Do Beyoncé’s fans know they can unfollow Kim and never see her selfies in their timelines? Why does their enjoyment of “Lemonade” also have to include bashing of Kim?

Rachel Roy and Kim K aren’t the only women the Beyhive saw fit to drag this weekend. In a hilarious but also depressing twist, they’ve also gone out of their way to shade Rachael Ray, she of the “30 Minute Meals” fame, for having a similar name to Rachel Roy. You really couldn’t even make this up.

People are also taking “Lemonade” as an opportunity to slut shame Monica Lewinsky all over again, after Monica tweeted that she was afraid to listen to the new album since Beyoncé’s last album threw shade at the former White House intern.

As if Monica hasn’t heard enough from the peanut gallery over the years.

Beyoncé fans really need to chill, for her sake if nothing else. Imagine being Beyoncé right now. Assuming Jay Z really did cheat on her, she’s already been to hell and back. After feeling all the pain that comes along with being betrayed by the person she thought she could trust above all others, she’s decided to forgive her husband and give him a second chance. Not only that, but she’s also decided to turn all of that pain into art — expensive and time-consuming art with an exclusive HBO premiere.

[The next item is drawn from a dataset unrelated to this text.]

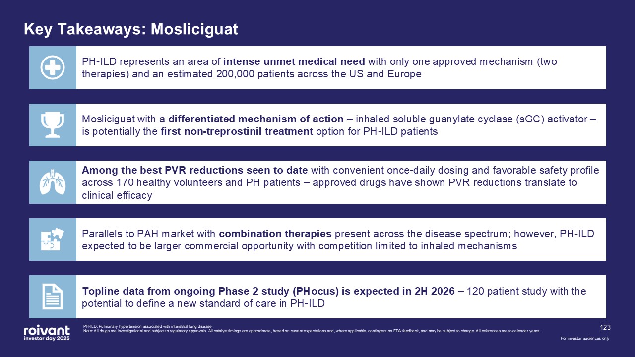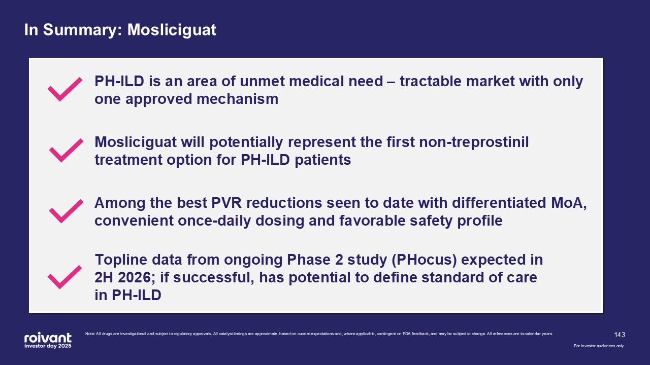 123  PH-ILD represents an area of intense unmet medical need with only one approved mechanism (two therapies) and an estimated 200,000 patients across the US and Europe  Topline data from ongoing Phase 2 study (PHocus) is expected in 2H 2026 – 120 patient study with the potential to define a new standard of care in PH-ILD  Mosliciguat with a differentiated mechanism of action – inhaled soluble guanylate cyclase (sGC) activator – is potentially the first non-treprostinil treatment option for PH-ILD patients  Parallels to PAH market with combination therapies present across the disease spectrum; however, PH-ILD expected to be larger commercial opportunity with competition limited to inhaled mechanisms  Among the best PVR reductions seen to date with convenient once-daily dosing and favorable safety profile across 170 healthy volunteers and PH patients – approved drugs have shown PVR reductions translate to clinical efficacy  Key Takeaways: Mosliciguat  For investor audiences only  PH-ILD: Pulmonary hypertension associated with interstitial lung disease  Note: All drugs are investigational and subject to regulatory approvals. All catalyst timings are approximate, based on current expectations and, where applicable, contingent on FDA feedback, and may be subject to change. All references are to calendar years.

Think about the amount of time and effort she’s put into rehabbing her relationship, making sense of her husband’s infidelity, and turning it all into an album and an hourlong video. And now all anyone’s talking about is who the other woman was. Instead of appreciating “Lemonade,” people are going straight to pointing fingers.

They aren’t even pointing the finger at Jay Z in all this, though. He’s gotten off relatively scot-free, and it’s not surprising. Anyone who’s been cheated on knows how easy it is to blame it all on the other woman. That way, you don’t have to face up to the fact that the man you thought worthy of your love and trusted above everyone else thought nothing of completely betraying your trust. It’s easy to tell yourself that some slut came along and stole him from you, when the truth is he went willingly.

Beyoncé’s fans might think they’re doing her, and all other wronged women, a favor by publicly trashing Rachel, Kim, Monica, and Rachael. But Beyoncé is better than that. It goes without saying that she’s above Twitter shade wars. But she also made clear in “Lemonade” that when it comes to cheating, the person to blame is the cheater. Beyoncé seems to know that giving the other woman the gift of your attention is the wrong move. Cheaters don’t cheat because the other woman is “better.” They do it because of their own insecurities and shortcomings.  Of course it’s natural to resent “Becky with the good hair,” but focusing your ire on the other woman does nothing — and it actually undeservedly elevates her.

So while the Beyhive thinks they’re doing Beyoncé a favor, they’re really just perpetuating the shaming of other women — and making “Lemonade” into something tawdry and gossipy when it should be empowering. I don’t want to speak for Beyoncé, but she’s probably not stoked about it.